Alfred Ssekagiri edited this page Jan 20, 2018 · 1 revision

Data format/requirement

The data is required to be a phyloseq object (phyloseq-class) comprising taxa abundance information, taxonomy assignment, sample data which is a combination of measured environmental variables together with any categorical variables present in the samples. If the phylogenetic tree is available, it can also be part but not so relevant for most of the functionality implemented here so far. We choose to use this format since we can have enormous options for manipulating the data as we progress with the analysis and visualisations. Details of format and comprehensive manipulations of phyloseq objects are available at https://github.com/joey711/phyloseq.

Example dataset

To test the functionality, we use a pitlatrine dataset which was generated by 16S rRNA sequencing of various latrines from Tanzania and Vietnam at different depths. The data files are available at http://userweb.eng.gla.ac.uk/umer.ijaz/bioinformatics/ecological.html and the associated paper is B Torondel, JHJ Ensink, O Gundogdu, UZ Ijaz, J Parkhill, F Abdelahi, V-A Nguyen, S Sudgen, W Gibson, AW Walker, and C Quince. Assessment of the influence of intrinsic environmental and geographical factors on the bacterial ecology of pit latrines Microbial Biotechnology, 9(2):209-223, 2016. It is also freely accessible here.

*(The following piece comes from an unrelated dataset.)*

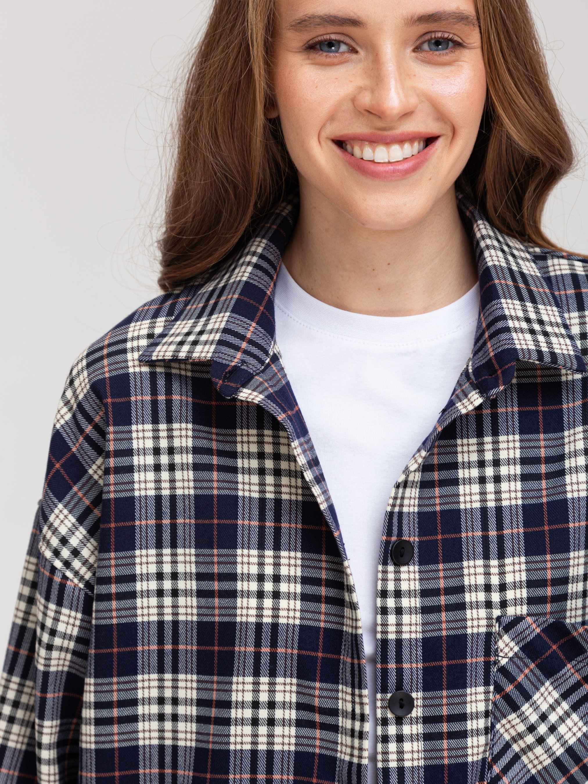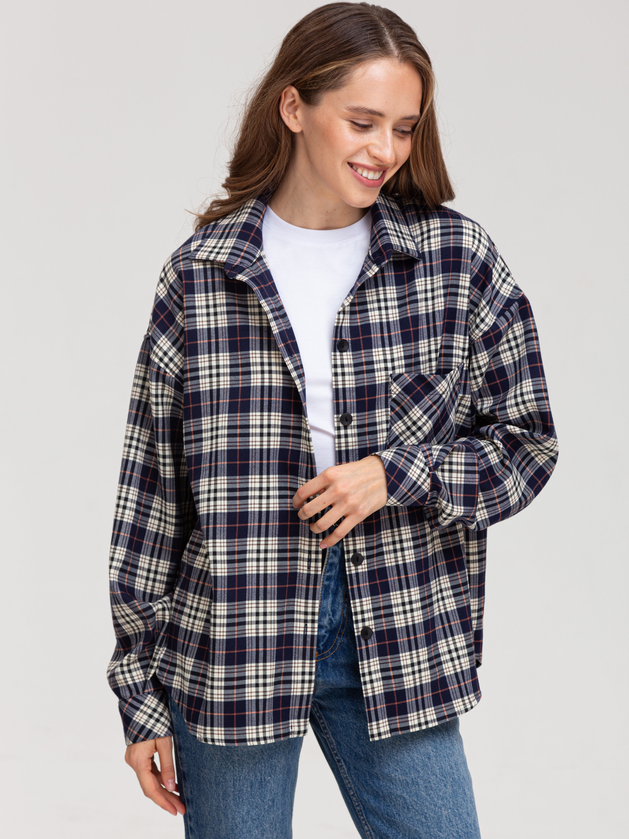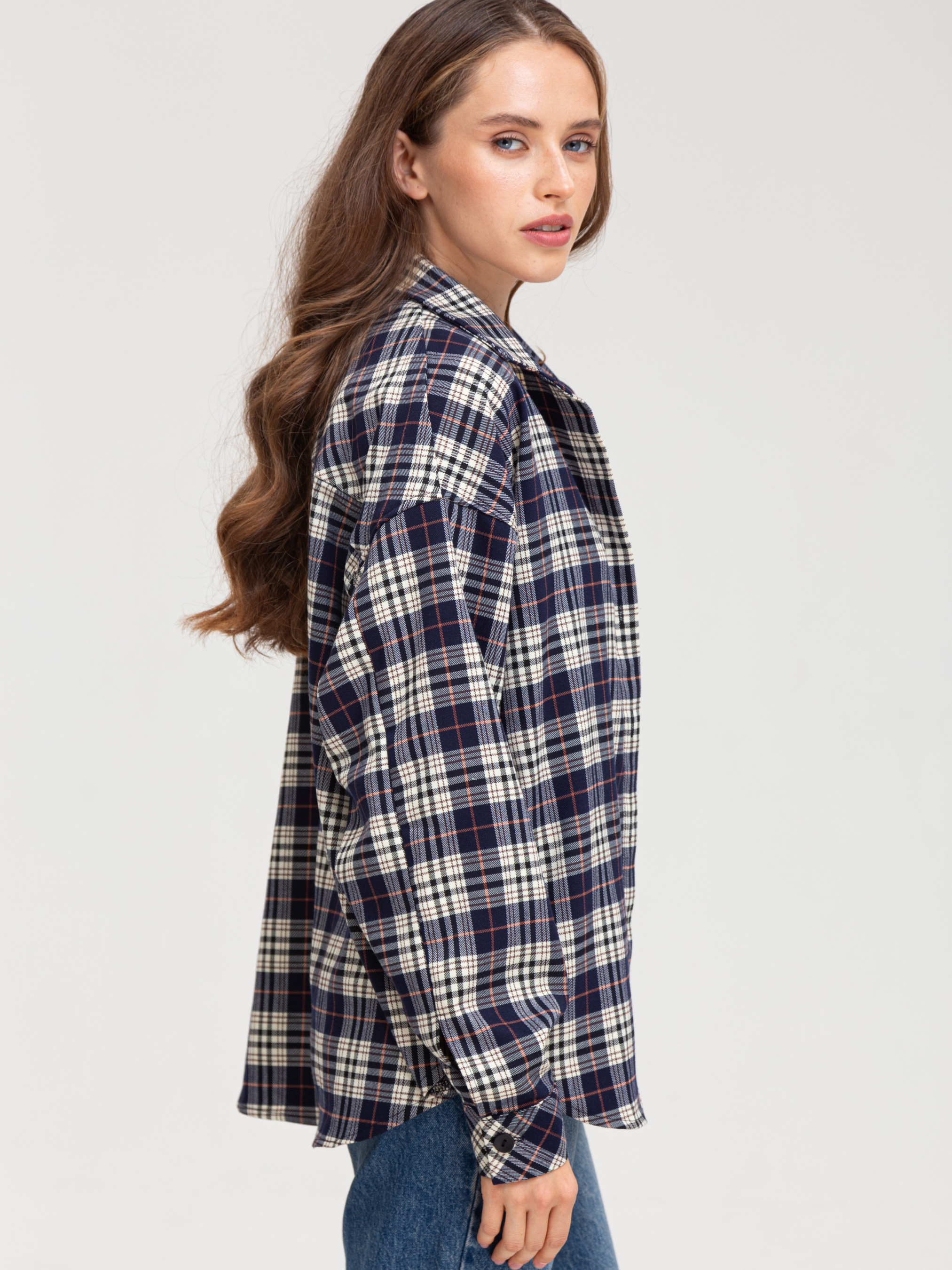 Сорочка в клітинку - це універсальний елемент гардеробу, який дозволяє створювати різноманітні образи. Вона є стильною, комфортною і підходить для різних випадків. • Кольорова гама: Переважають чорний, білий та сірий кольори. Клітинка досить велика і чітка, що надає сорочці виразного вигляду. • Фасон: Сорочка має вільний крій, що робить її комфортною у носінні. Рукава широкі, зібрані в манжети. Комбінація вільного крою та клітчастого візерунка надає сорочці сучасного і трохи бунтарського вигляду. • Деталі: Сорочка має нагрудну кишеню, яка додає функціональності. Комір класичний, застібка на гудзики. Стиль: Ця сорочка відмінно впишеться в повсякденний гардероб. Її можна носити як з джинсами, так і з легінсами або шортами. Залежно від обраних аксесуарів, сорочку можна зробити основою як повсякденного, так і більш стильного образу. Можливі образи: • Повсякденний: Сорочка в клітинку, джинси, кросівки або кеди. • Стильний: Сорочка в клітинку, шкіряна спідниця, ботфорти. • Офісний (неформальний): Сорочка в клітинку, брюки, туфлі на низькому ходу. Оскільки тканина містить як натуральні, так і синтетичні волокна, догляд за нею вимагає певної обережності. Обов'язково ознайомтеся з ярликом на виробі.Загальні рекомендації: Прання: Бажано прати виріб при температурі води не вище 30-40 градусів за Цельсієм. Вибирайте делікатний режим прання або ручне прання. Використовуйте рідкий пральний засіб для кольорових тканин. Уникайте віджимання на високих обертах. Прасування: • Прасувати виріб бажано з вивороту при середній температурі. Можна використовувати пар.

To get the test data in phyloseq format,

library(microbiomeSeq)
data(pitlatrine) 

To check the components of the data, print out the data to find out the structure.

print(pitlatrine)
phyloseq-class experiment-level object
otu_table()   OTU Table:         [ 8883 taxa and 81 samples ]
sample_data() Sample Data:       [ 81 samples by 14 sample variables ]
tax_table()   Taxonomy Table:    [ 8883 taxa by 6 taxonomic ranks ]
phy_tree()    Phylogenetic Tree: [ 8883 tips and 8881 internal nodes ]
Generate a phyloseq object

To generate a phyloseq object to be used for analysis, a phyloseq function merge_phyloseq can be used to combine the taxa abundance information (OTU), taxa assignment (TAX), sample data (SAM) and phylogenetic tree (OTU_tree) in Newick format as follows; More details on how to construct a phyloseq object can be obtained from the phyloseq site cited earlier.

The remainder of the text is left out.